All animal experiments were performed under anesthesia to limit pain. The mice were sacrificed by spinal cord dislocation under anesthesia with pentobarbital.
Results
Rhinacanthin C inhibits RANKL-mediated osteoclast formation from mouse BMMs without cytotoxicity
Rhinacanthin C is a naphthoquinone derivative containing an alkyl side chain (Fig 1A). We previously reported that rhinacanthin C is a strong inhibitor of RANKL-stimulated TRAP-positive multinucleated cell formation from mouse BMMs [12]. In this study, we investigated the effects of rhinacanthin C on osteoclast differentiation and bone resorption pit formation. Rhinacanthin C produced dose-dependent inhibition of RANKL-induced TRAP-positive multinuclear osteoclast formation and TRAP activity in BMM culture (0.25–2.0 μM) (Fig 1B to 1D). In our previous study, rhinacanthin C exhibited non-apoptotic cytotoxicity against tumor cells [12]. To investigate whether osteoclastogenesis inhibition by rhinacanthin C is due to its cytotoxicity, we measured the viability of RANKL-induced osteoclasts exposed to rhinacanthin C. Fig 1E shows that rhinacanthin C did not suppress viability even at 2.0 μM, at which concentration it abolished RANKL-stimulated osteoclast formation. Thus, the inhibitory effects of rhinacanthin C on osteoclastogenesis seemed not to be due to cytotoxicity.
A, Chemical structure of rhinacanthin C. B, BMCs were cultured for 3 days with M-CSF (10 ng/mL), then with M-CSF alone or M-CSF plus RANKL (10 ng/mL) in the presence or absence of rhinacanthin C (0.25–2.0 μM). The cells were stained for TRAP activity. Bar, 100 μm. C, Dose-dependent effects of rhinacanthin C on RANKL-induced TRAP-positive multi-nuclear (>3 nuclei) cell (MNC) formation from BMCs. D, Dose-dependent rhinacanthin C inhibition of TRAP activity in the medium of BMM cultures in the presence of RANKL and M-CSF. E, Viability was determined by MTT assay after 3 days. Data are expressed as means ± SD of three experiments. **P < 0.01 vs. untreated controls.
Osteoclasts differentiated from the monocyte-macrophage lineage. Therefore, we examined the effects of rhinacanthin C on macrophage colony formation with M-CSF from BMCs.

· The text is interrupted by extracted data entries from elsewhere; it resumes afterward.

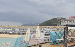 해운대 페스타 행사 일환으로 마련된 워터파티장이 지난달 22일부터 중단됐다. 이은지 기자 부산 해운대구가 해수욕장 200m 구간을 민간사업자에 넘겨 행사 진행을 허용했지만, 20여일 만에 무대 공연이 중단되고 흉물로 방치되자 민간사업자와의 협약을 해지했…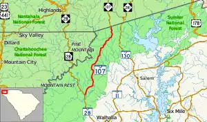 South Carolina Highway 107 (SC 107) is a 15.290-mile (24.607 km) state highway in the western part of the U.S. state of South Carolina. It connects Oconee County with Jackson County, North Carolina and the Cashiers area. Nearly the entirety of the route is located in the Sumter National Forest.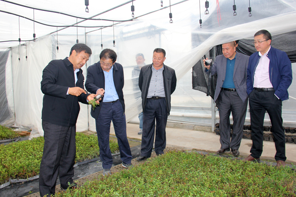 来宾们先后参观了玻璃温室和连栋大棚内容器扦插的中山杉苗,扦插品种及中山杉苗移栽林带,对中山杉容器扦插育苗技术及适种性、市场行情作了深入的了解和交流。王世伯向来宾们介绍了�港农场林业生产特点:公司利用防风林带及田边隙地发展林业生产,主要有三种模式:容器育苗、嫁接苗、林下中药材种苗。利用玻璃温室进行容器育苗的主打产品——中山杉苗,由于实现了温度、湿度、光照的精确控制,成活率远超周边苗木基地,市场行情较好,今年扦插了160万株中山杉苗,目前插穗长势良好,生根率高,出圃商品率可望超过去年水平。按照江苏林业生产提出的“彩色化、珍贵化、效益化”的要求,林业中心精心打造了“嫁接苗木基地”,生产的黄金槐、金森女贞、红榉、丁香彩色树种苗木增值达10倍以上。公司与南京中医药大学积极合作,去年底,首批药材种苗在梁垛河大圩上试种成功,预期每亩效益可达万元以上。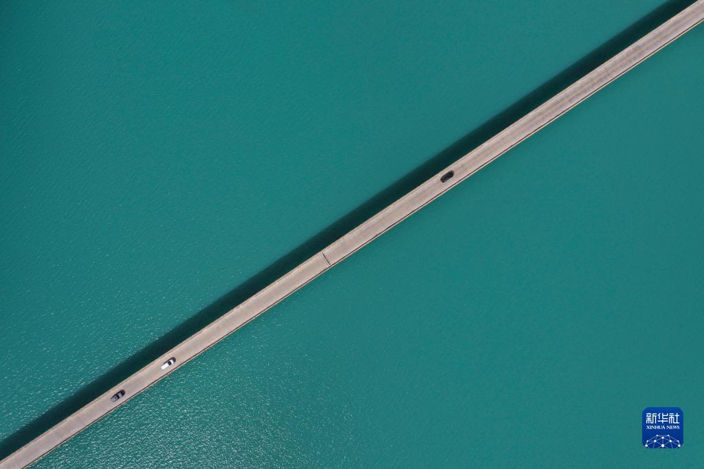 游客駕車(chē)穿行在新疆塔什庫爾干塔吉克自治縣“班迪爾藍湖”上方的大橋上(8月28日攝,無(wú)人機照片)。

The macrophage-type colonies formed from BMCs did not differ in the absence or presence of rhinacanthin C (S2A Fig). Furthermore, the numbers of zymosan-incorporated phagocytic macrophages did not significantly differ in the presence of absence of rhinacanthin C (S2B Fig). Thus, macrophage formation and phagocytic function stimulated by M-CSF are not inhibited by rhinacanthin C. We further characterized the effects of rhinacanthin C on osteoclastogenesis by performing two experiments. First, BMCs were cultured with rhinacanthin C for 3 days in the presence of M-CSF, followed by RANKL plus M-CSF to induce osteoclast formation. In the second experiment, BMCs were cultured with rhinacanthin C and then the BMMs were cultured with RANKL plus M-CSF, also in the presence of rhinacanthin C. In experiment 1, RANKL-stimulated osteoclast formation remained essentially the same, regardless of pretreatment with rhinacanthin C. However, after RANKL stimulation, rhinacanthin C provided dose-dependent inhibition of osteoclast formation, as shown in experiment 2 (S2D Fig). These results suggest the inhibitory role of rhinacanthin C in osteoclastogenesis does not occur at the stage macrophage formation and function as an osteoclast progenitor but at the stage of RANKL-stimulated osteoclast formation step.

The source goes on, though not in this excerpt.